Most LLM pipelines validate outputs the same way: parse the JSON, check the schema, move on. That catches structural errors. It misses the errors that actually cause production incidents:

  • A model recommends an action that is structurally valid but outside its authorized scope
  • Confidence is low but the workflow proceeds as if it weren't
  • A soft failure in step 2 silently degrades the reliability of everything downstream
  • A validation failure gives you False, and no context for debugging

gateframe makes these failures explicit, structured, and recoverable.


Failure modes

gateframe distinguishes four failure types instead of binary pass/fail.
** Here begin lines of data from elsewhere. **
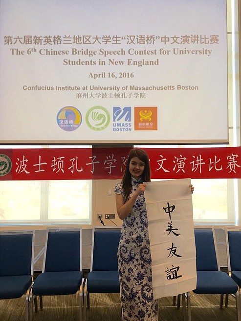 In April, Wu, who grew up in Hayden, channeled some of her earliest experiences with Chinese culture, as well as what she described as "counter culture shock" upon returning to the states, for a speech that earned her second place in the sixth annual Chinese Bridge language competition in Boston. The competition, which tests students on Chinese language and knowledge of Chinese culture, takes place in various cities across the nation and is sponsored by Confucius Institute Headquarters and the Consulate General of the People's Republic of China.
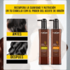 Repara y nutre: Formulado con Aceite de Argán y vitaminas A y E, este set combate los daños causados por los rayos UVA y UVB, restaurando la elasticidad y el brillo natural de tu cabello.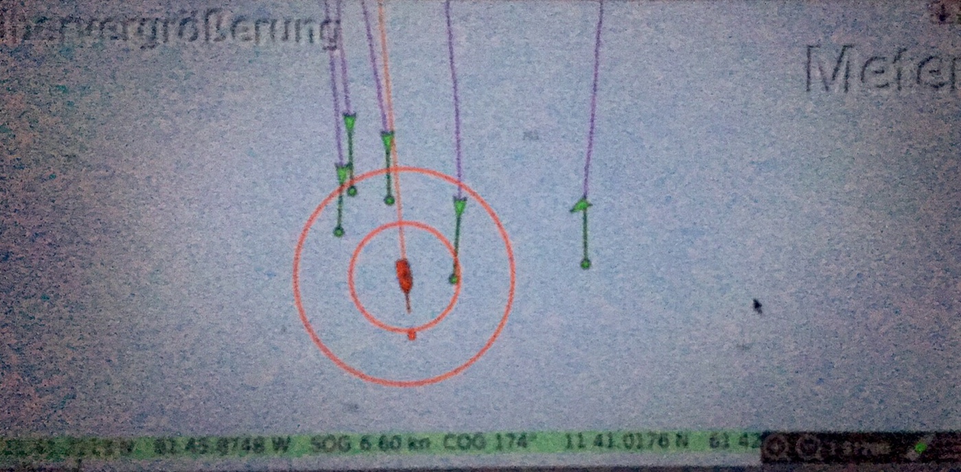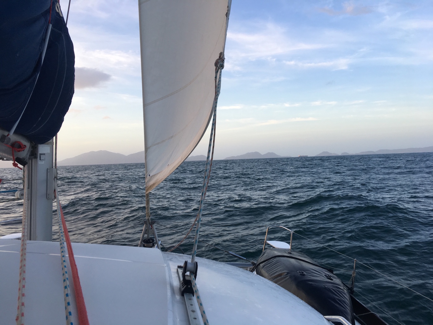 Die Coastguard (TTS Quinam) war wie versprochen zur Stelle. Wir haben sie nicht gesehen, da sie normal ohne aktives AIS fahren. Für uns haben sie es kurz aktiviert und das gibt Zutrauen.
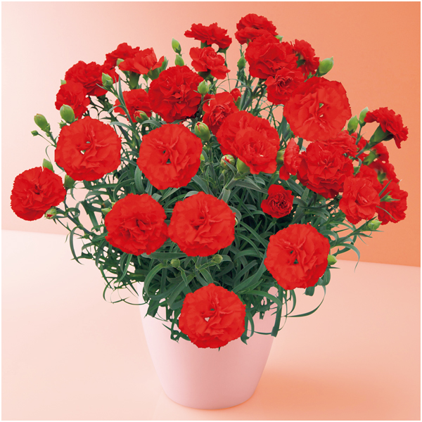 落ち着いた真紅の花びらが印象的なカーネーション「カンタービレ」。お母さんへ、日頃の感謝の気持ちを伝えてくれます。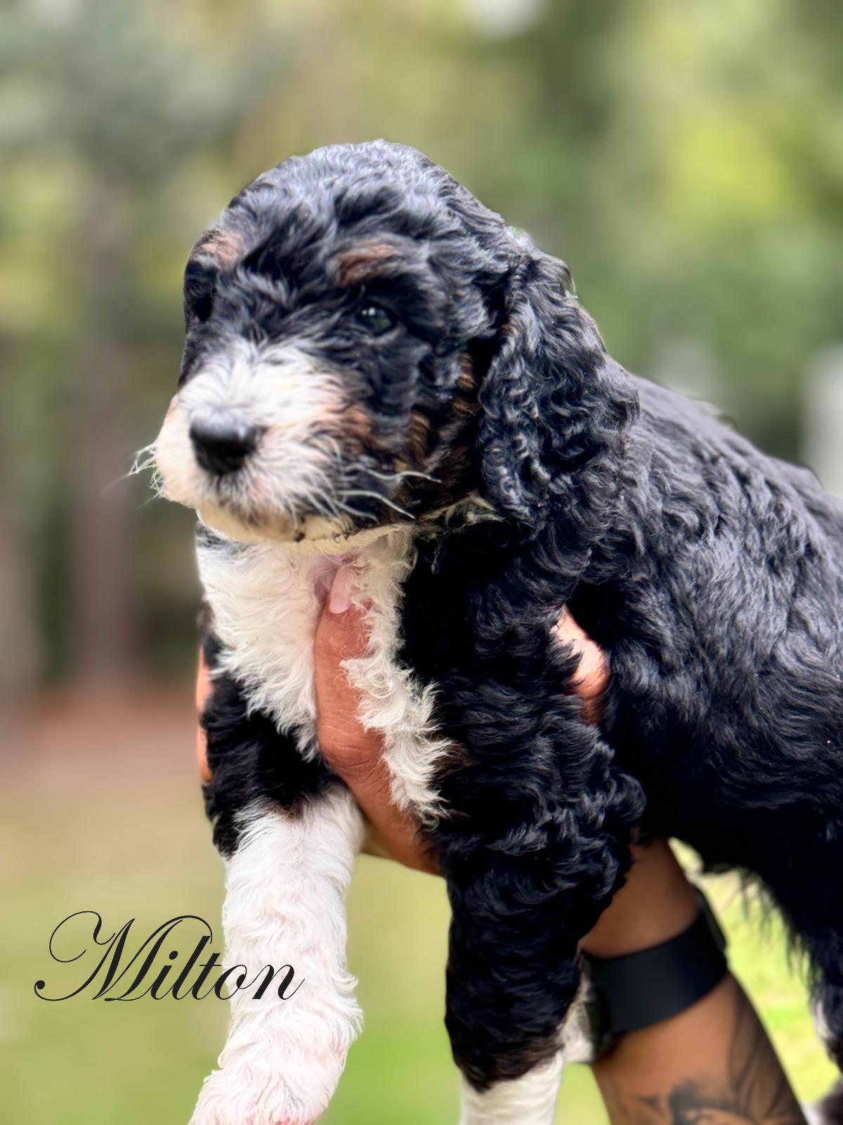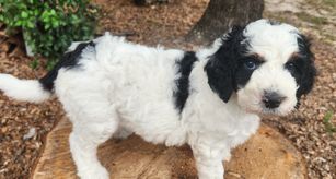 He's also health-tested and cleared for common breed-related conditions, ensuring he’s in top condition. His silly and trainable personality reflects the best traits of both the Australian Shepherd and Poodle, and he’s sure to pass along his good nature and smarts to his pups.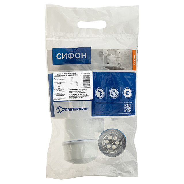 сифон для мойки MasterProf 1.1/2"х40 со смещением с/без отвод стир. маш. с гибкой трубой 40х32/40/50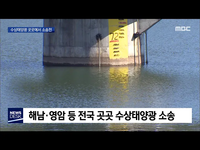 ◀ANC▶ 한국농어촌공사가 추진하는 수상 태양광 사업이 곳곳에서 마찰을 빚고 있습니다. 사업 허가를 둘러싼 갈등은 소송전으로 번지고 있습니다. 박영훈 기자가 취재했습니다. ◀END▶ 전남 해남의 한 농촌 마을. 농사용 저수지 한 복판에 태양광 시설이 추진되면서 주민들이 잔뜩 화가 나 있습니다. ◀INT▶김서주 *...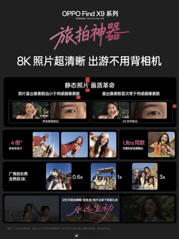 配合 LUMO 超像素引擎,打破传感器算力限制,实现「传感器像素 = 照片像素」,默认就有高像素与好画质。全系搭载 Ultra 级丹霞色彩还原镜头,色彩影调处处哈苏味,让 8K 照片从细节到色彩全面领先。前期随心拍、后期随心裁,人景皆美,旅拍尽兴,成为名副其实的「旅拍神器」! OPPO发布会OPPOFindX9首发4K超清实况 ,清晰度提升至 4 倍,帧帧都清晰,帧帧封面级。一次快门锁定 90 个 4K 瞬间,鲜活生动。还有 4K 慢动作实况、一拍多出,以及 4K 超清实况拼图等多种创意玩法,让实况也能随心花样出片。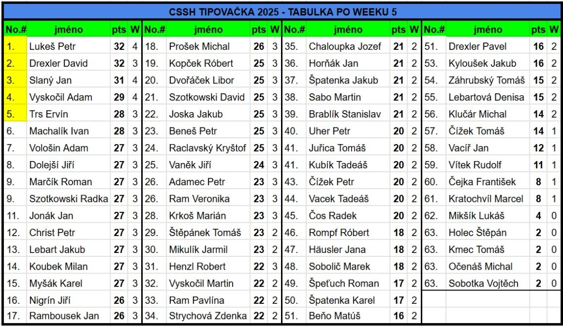CSSH TIPOVAČKA 2025 – TABULKA PO WEEKU 5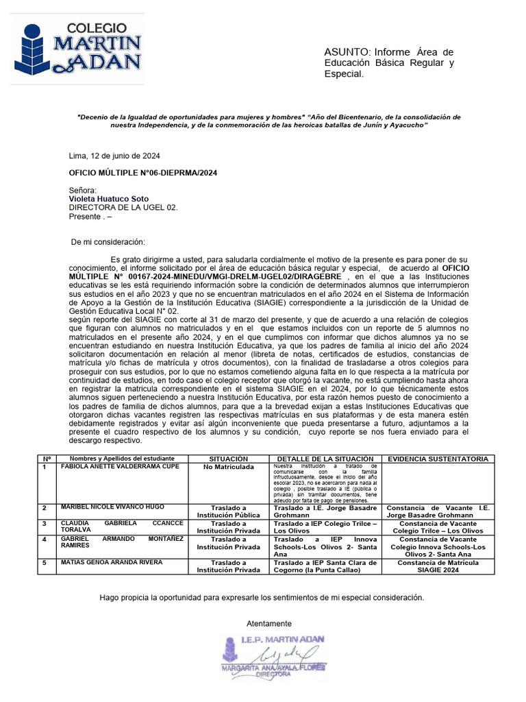 matriculados en el presente año 2024, y en el que cumplimos con informar que dichos alumnos ya no se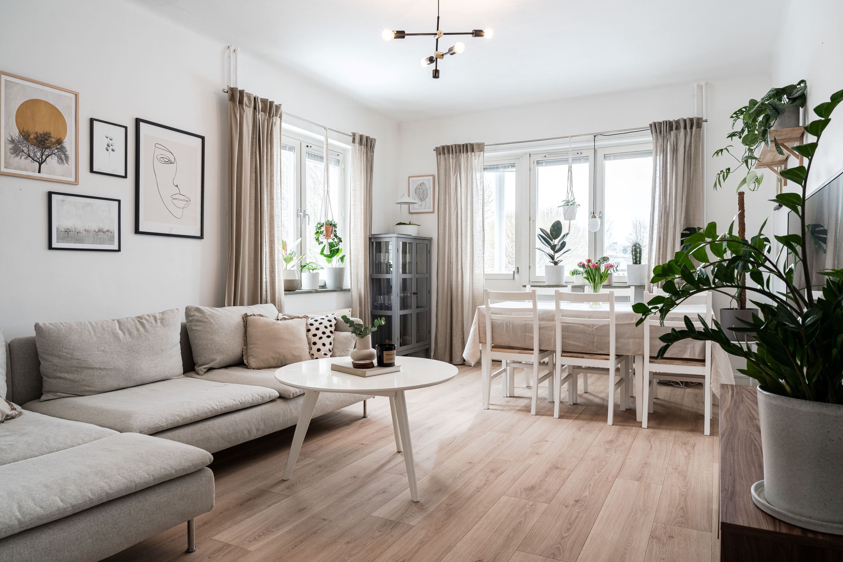 In i vardagsrummet följer samma röda tråd som i övriga lägenheten. Här har det nyligt lagts in ett nytt ljust laminatgolv och väggarna har fått ny färg. Vardagsrummet har också fått nya snygga lister vilket förstärker den där känslan av nytt och fräscht. Det väl tilltagna utrymmet ger dig även möjlighet till en matsalsmöbel invid fönsterparti samtidigt som en soffgrupp med tillhörande soffbord och tv-möbel får plats. Från vardagsrummet når du också bostadens härliga balkong i direkt söderläge! Här kan du med enkelhet tillbringa många timmar i solen avnjutandes en god måltid eller med kompishäng i en skön lounge-grupp.

HARD_FAIL, Stop. The output violates a hard constraint that cannot be auto-recovered.

# Model chose an action outside its authorized scope
BoundaryRule(
    check=AllowedValues("action", {"treat", "observe", "refer"}),
    failure_mode=FailureMode.HARD_FAIL,  # default for BoundaryRule
)

SOFT_FAIL, Flag and continue with degraded confidence. Something is off but not critical enough to halt.
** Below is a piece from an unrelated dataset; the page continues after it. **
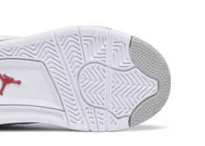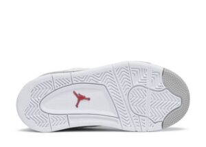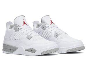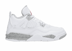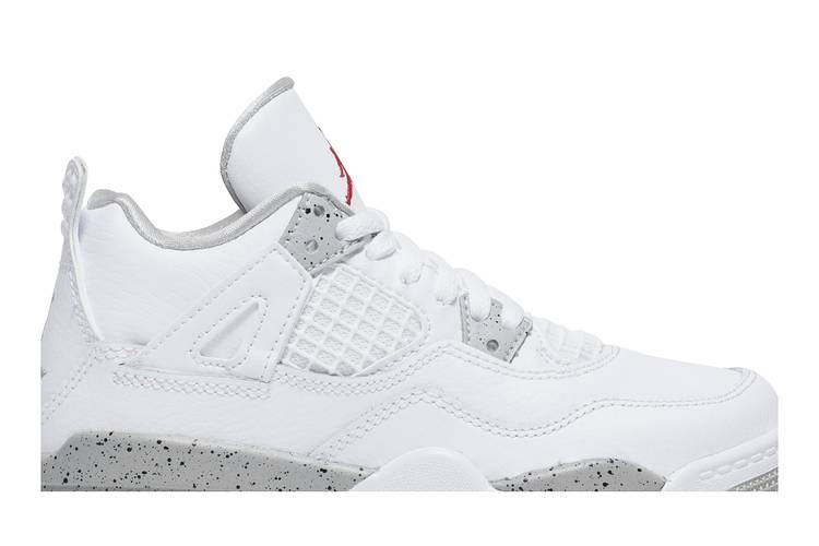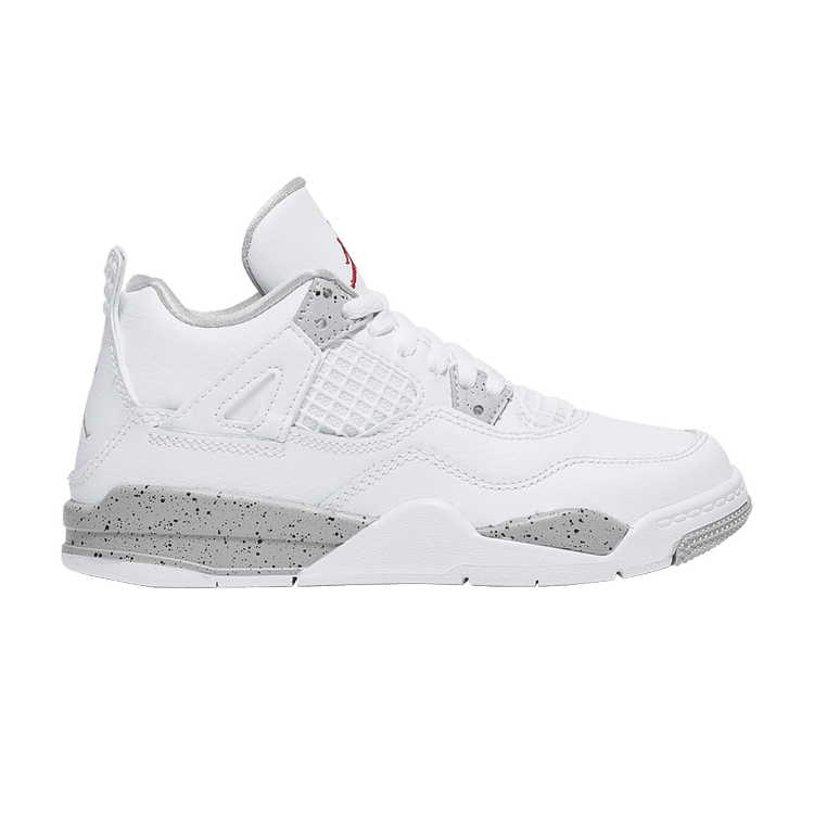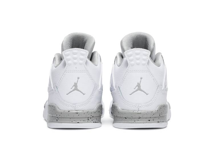 Crafted for little kids, the Air Jordan 4 Retro PS White Oreo presents a neutral colorway of Tinker Hatfields vintage design from 1989. The sneaker carries a white leather upper with subtle hits of Tech Grey on the eyelets, interior lining and speckled foam midsole, absent the visible Air sole unit of the shoes full-sized counterpart. Matching grey Jumpman branding on the heel is contrasted by a scarlet Jumpman icon atop the tongue, delivering the lone pop of color.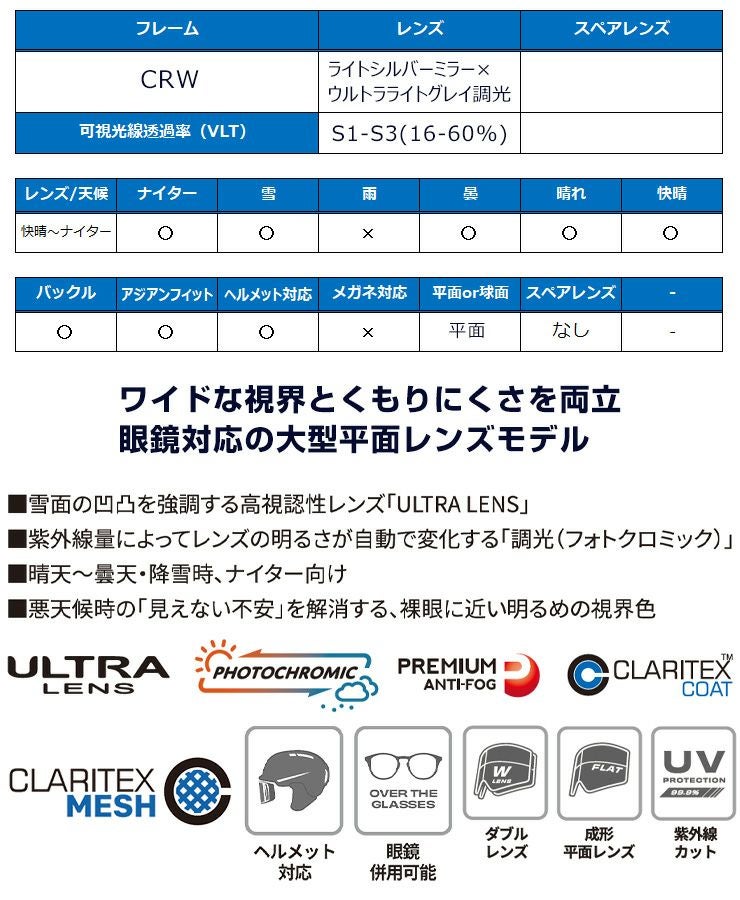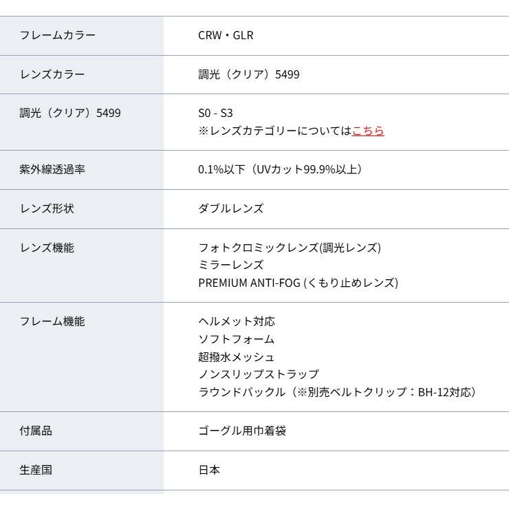 他の画像を見る 25-26 調光レンズ アジアンフィット 2026 SWANS スワンズ OUTBACK アウトバック スノーボード ゴーグル フレーム:CRW レンズ:ライトシルバーミラー×ウルトラライトグレイ調光 スキー 通常販売価格 ¥ 36,300 のところ WEB価格 ¥ 30,800 税込 会員特別価格 ¥ 29,260 税込 在庫切れ 詳細を見る お気に入りに登録する

# Model confidence is low, continue but track the degradation
ConfidenceRule(
    field="confidence",
    minimum=0.7,
    failure_mode=FailureMode.SOFT_FAIL,  # default for ConfidenceRule
)

RETRY, Re-prompt with the failure context. The output is likely fixable by trying again.

# Malformed output that might parse correctly on a second attempt
StructuralRule(schema=MyOutput, failure_mode=FailureMode.RETRY)
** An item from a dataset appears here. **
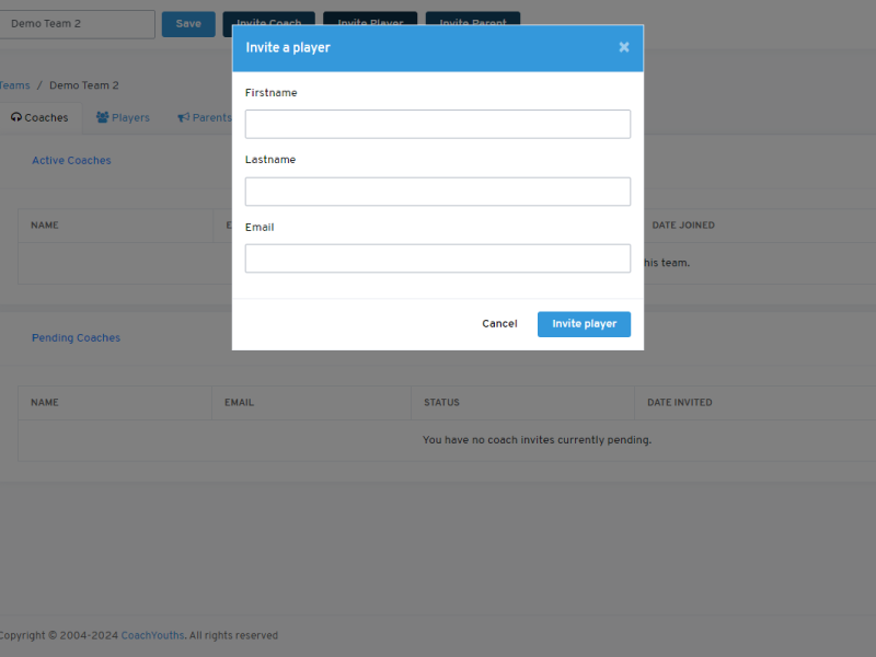 Invite UNLIMITED players and parents.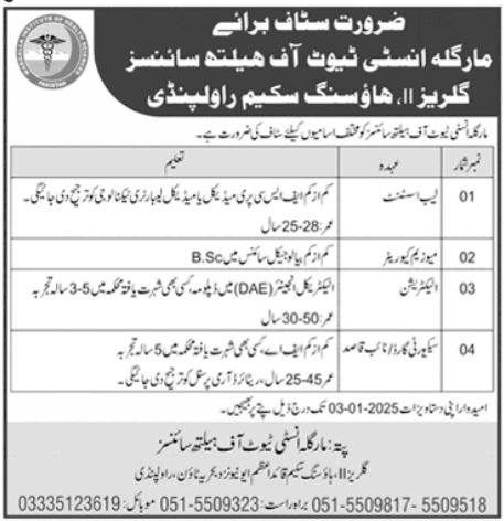 Margalla Institute of Health Sciences announced new jobs for the position of Lab Assistant, Museum Curator, Electrician, Security Guard, Naib Qasid. These jobs are related to Human Resource category and Government jobs. The minimum qualification required for this job is Intermediate, Bachelor, DAE, Others, BS.

SILENT_FAIL, The most dangerous kind. The output looks valid but violates a semantic or boundary rule. gateframe makes these visible instead of letting them pass through undetected.

SemanticRule(
    check=lambda output, **ctx: output["severity"] != "low" or output["escalated"] is False,
    failure_mode=FailureMode.SILENT_FAIL,
    failure_message="Low-severity cases should not be auto-escalated.",
)

Multi-step workflow validation

Validation state carries forward across steps. A soft failure in step 2 degrades the confidence score that step 4 sees.

from gateframe import WorkflowContext, ValidationContract, EscalationRouter
from gateframe.audit.log import AuditLog

ctx = WorkflowContext(workflow_id="incident_response_001", escalation_threshold=0.5)
router = EscalationRouter()
audit = AuditLog()

# Step 1
result1 = contract_step1.validate(output1)
ctx.update(result1)
audit.record(result1, workflow_context=ctx)

# Step 2, ctx carries forward degraded confidence from step 1
result2 = contract_step2.validate(output2)
ctx.update(result2)
audit.record(result2, workflow_context=ctx)

print(ctx.confidence)           # degraded from 1.0 by soft failures
print(ctx.threshold_breached)   # True if confidence < escalation_threshold

if ctx.threshold_breached:
    escalation = router.route_threshold_breach(ctx)
    print(escalation.route.value)  # "human_review", "abort", etc.

Provider integrations

gateframe validates outputs from any provider. Integrations are thin wrappers, gateframe does not import any LLM SDK at the core level.

# OpenAI
from gateframe.integrations.openai import OpenAIValidator
validator = OpenAIValidator(contract, parse_json=True)
result = validator.validate(openai_completion)

# Anthropic
from gateframe.integrations.anthropic import AnthropicValidator
validator = AnthropicValidator(contract, parse_json=True)
result = validator.validate(anthropic_message)

# LiteLLM
from gateframe.integrations.litellm import LiteLLMValidator
validator = LiteLLMValidator(contract, parse_json=True)
result = validator.validate(litellm_response)

# LangChain
from gateframe.integrations.langchain import LangChainValidator
validator = LangChainValidator(contract, parse_json=False)
result = validator.validate(chain_output)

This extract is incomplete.